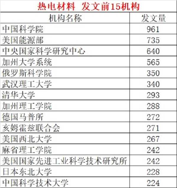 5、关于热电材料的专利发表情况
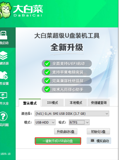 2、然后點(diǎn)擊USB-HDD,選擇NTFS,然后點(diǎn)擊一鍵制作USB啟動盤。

______

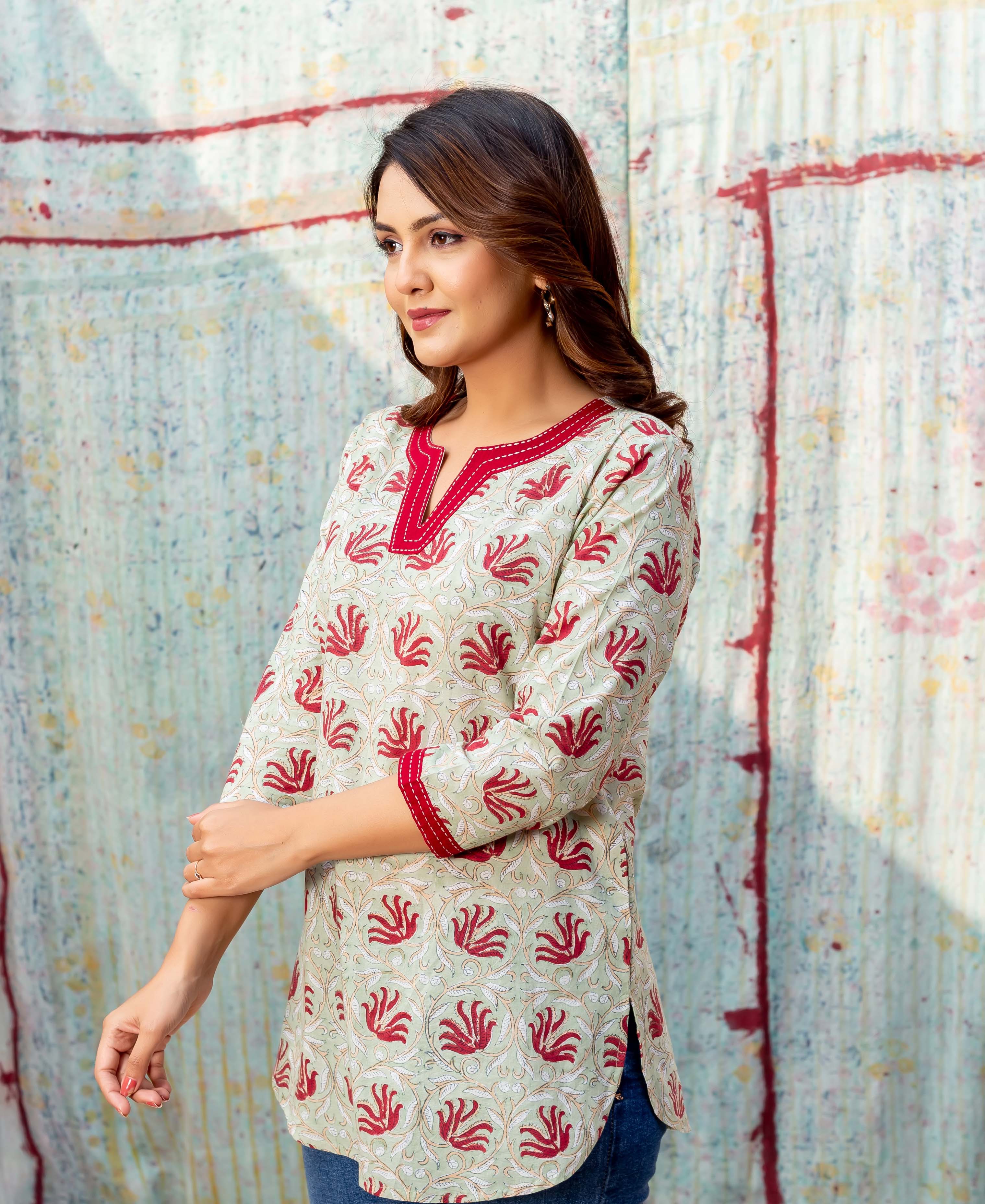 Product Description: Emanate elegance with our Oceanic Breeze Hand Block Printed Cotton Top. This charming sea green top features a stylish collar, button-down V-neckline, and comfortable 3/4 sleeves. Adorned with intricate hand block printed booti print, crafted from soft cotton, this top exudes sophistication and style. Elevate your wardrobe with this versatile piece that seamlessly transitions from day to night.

______

[About this exercise]: Pictures excluded, transcribe the listing above exactly from the line with "5、关于热电材料的专利发表情况" through the line with "2、然后點(diǎn)擊US", and no further.

[Exercise response]:
 5、关于热电材料的专利发表情况
 2、然后點(diǎn)擊USB-HDD,選擇NTFS,然后點(diǎn)擊一鍵制作USB啟動盤。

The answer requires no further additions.